Task to carry out:
Return all of the data that follows precisely, leaving every image out.

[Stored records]
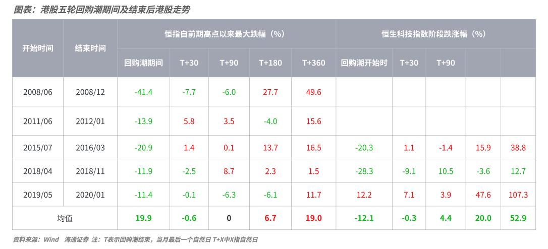 海通证券研究显示,2005年以来,港股共经历五轮回购潮,均在市场大幅下跌和估值处于低位时开启。但历次回购潮之后港股往往企稳回升,后续恒生指数和恒生科技指数均能带来较好的回报,1 年后平均累计涨幅分别为 19.0%和 52.9%。
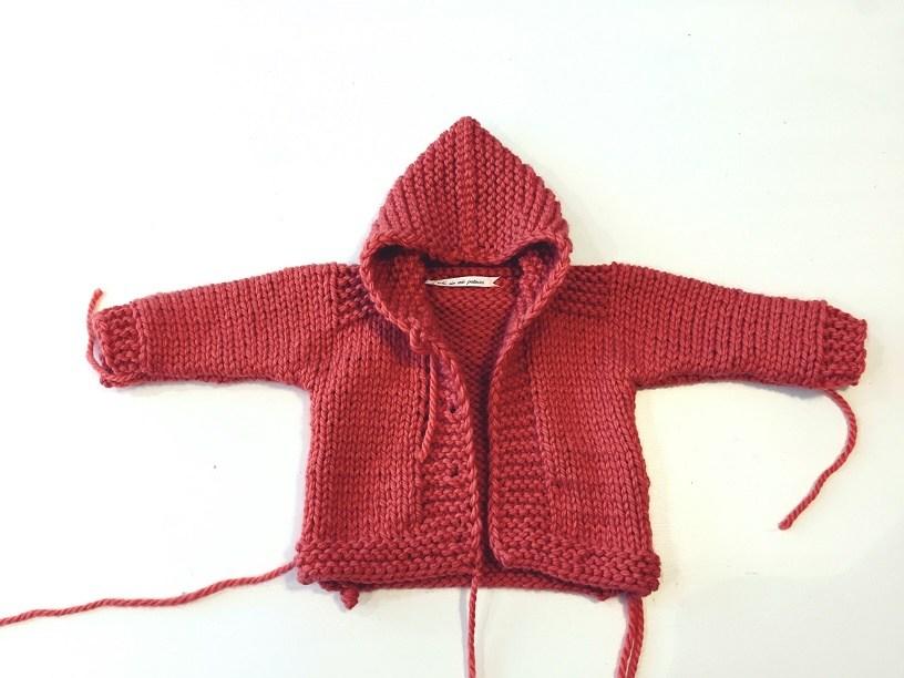 Une el perfil del abrigo y de las mangas. Puedes ver como unir dos piezas tejidas a punto jersey aquí y aquí.
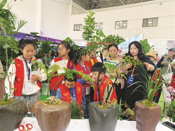 10月20日,2023中国·合肥苗木花卉交易大会在中国中部花木城(肥西)盛大开幕。为充分了解花卉的相关知识,培养少年儿童践行“绿色发展”理念,当天下午,来自本报的13名学生记者走进苗交会现场,近距离观赏美丽的植物和花卉,通过聆听工作人员的解说,在实践中了解花卉相关知识。同时,采访了相关展位负责人,在对话中进一步了解花卉种植的技巧,培养种花护花的兴趣爱好。
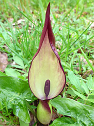 Arranged in an elongated, purple-brown cluster (the spadix), partly enclosed by a yellowish green spathe which is about twice the height of the spadix when mature. The margins of the spathe are tinged purple and its tip is held upwards, not hanging down
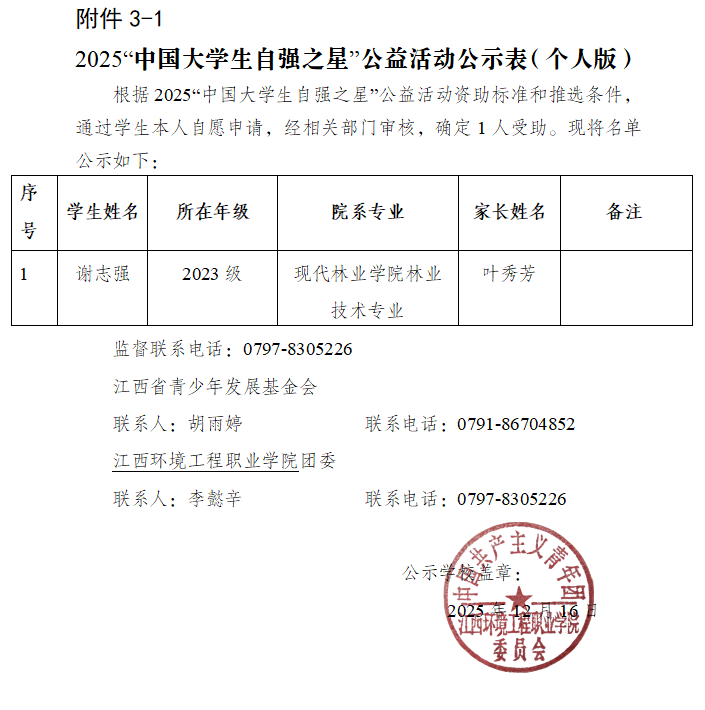 接江西省青少年发展基金会通知,日前,中国青少年发展基金会联合新东方教育科技集团启动2025“中国大学生自强之星”公益活动,我校有1个资助名额。经学生自主申报、二级学院推报,共收到7名学生的申报表。经团委评审,综合7名学生在校表现、个人事迹及成果表现,拟推报现代林业学院林业技术(三定向)专业学生谢志强参与评选。
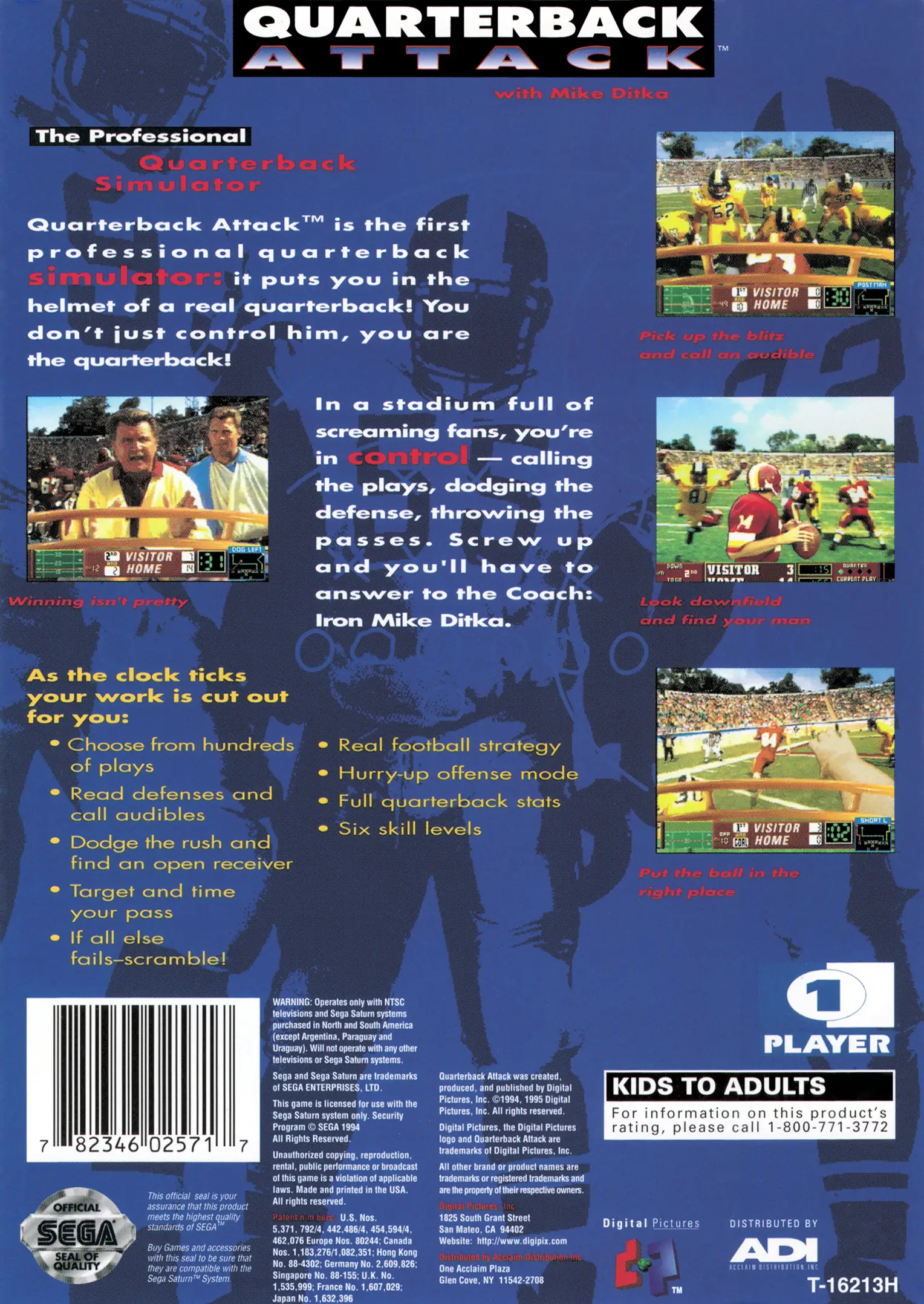 Quarterback Attack with Mike Ditka is a 1995 football game published by Digital Pictures for the Sega Saturn, 3DO and DOS. It features Mike Ditka as head coach of the player’s team. The only player players can control is the quarterback and the defense is rendered in full motion video.
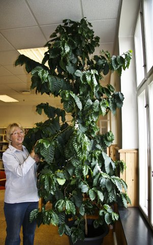 Kaffeplanter kan bli høye. Anne Lise har hatt en slik plante på biblioteket i Halden i over 10 år og nå har den nådd opp til taket og det er ca. 3 meter.
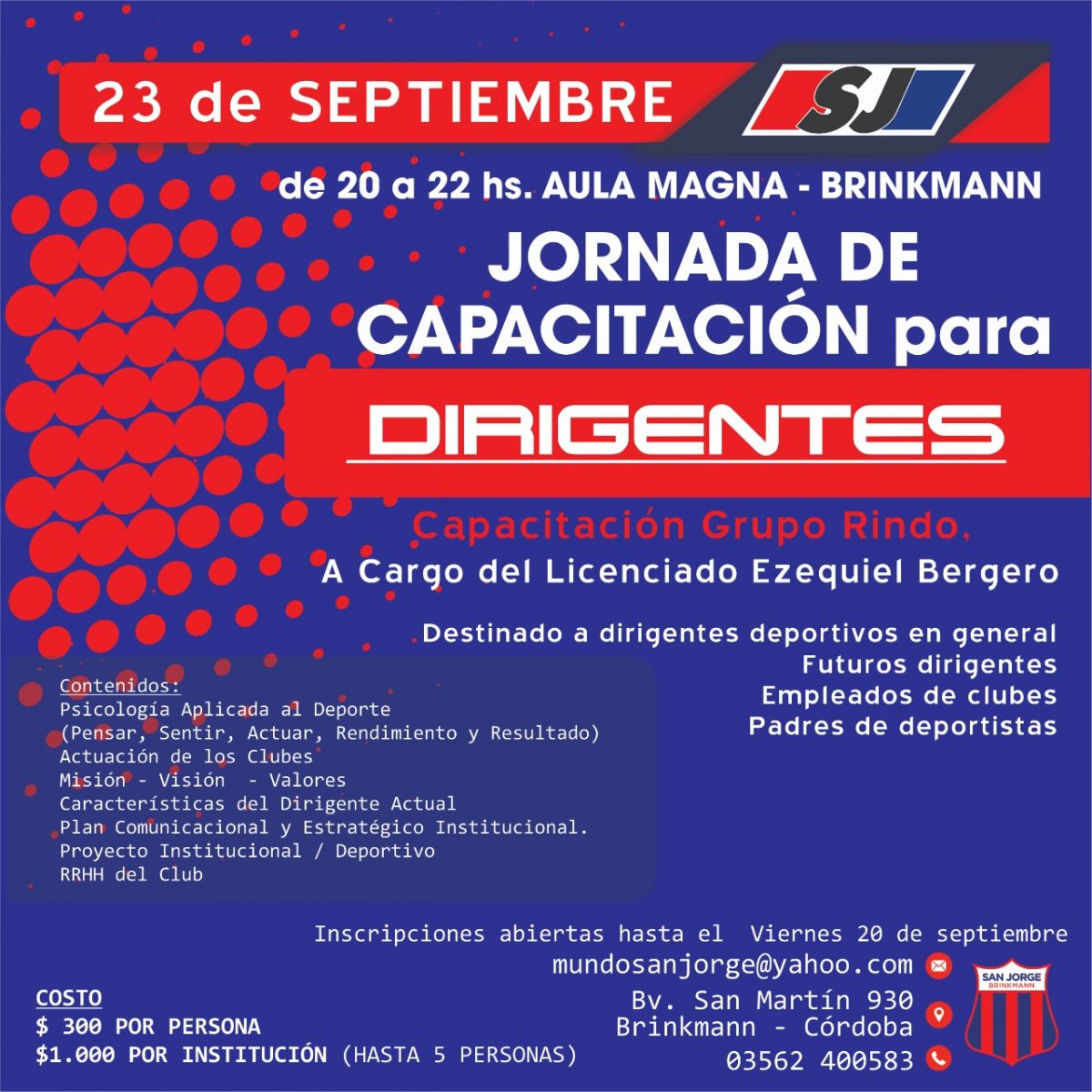 El club Fundación San Jorge organiza para el próximo lunes 23 de septiembre una jornada de capacitación para dirigentes, por lo que los hace extensiva la invitación a todos los clubes afiliados a nuestra institución.

Answer area:
 海通证券研究显示,2005年以来,港股共经历五轮回购潮,均在市场大幅下跌和估值处于低位时开启。但历次回购潮之后港股往往企稳回升,后续恒生指数和恒生科技指数均能带来较好的回报,1 年后平均累计涨幅分别为 19.0%和 52.9%。
 Une el perfil del abrigo y de las mangas. Puedes ver como unir dos piezas tejidas a punto jersey aquí y aquí.
 10月20日,2023中国·合肥苗木花卉交易大会在中国中部花木城(肥西)盛大开幕。为充分了解花卉的相关知识,培养少年儿童践行“绿色发展”理念,当天下午,来自本报的13名学生记者走进苗交会现场,近距离观赏美丽的植物和花卉,通过聆听工作人员的解说,在实践中了解花卉相关知识。同时,采访了相关展位负责人,在对话中进一步了解花卉种植的技巧,培养种花护花的兴趣爱好。
 Arranged in an elongated, purple-brown cluster (the spadix), partly enclosed by a yellowish green spathe which is about twice the height of the spadix when mature. The margins of the spathe are tinged purple and its tip is held upwards, not hanging down
 接江西省青少年发展基金会通知,日前,中国青少年发展基金会联合新东方教育科技集团启动2025“中国大学生自强之星”公益活动,我校有1个资助名额。经学生自主申报、二级学院推报,共收到7名学生的申报表。经团委评审,综合7名学生在校表现、个人事迹及成果表现,拟推报现代林业学院林业技术(三定向)专业学生谢志强参与评选。
 Quarterback Attack with Mike Ditka is a 1995 football game published by Digital Pictures for the Sega Saturn, 3DO and DOS. It features Mike Ditka as head coach of the player’s team. The only player players can control is the quarterback and the defense is rendered in full motion video.
 Kaffeplanter kan bli høye. Anne Lise har hatt en slik plante på biblioteket i Halden i over 10 år og nå har den nådd opp til taket og det er ca. 3 meter.
 El club Fundación San Jorge organiza para el próximo lunes 23 de septiembre una jornada de capacitación para dirigentes, por lo que los hace extensiva la invitación a todos los clubes afiliados a nuestra institución.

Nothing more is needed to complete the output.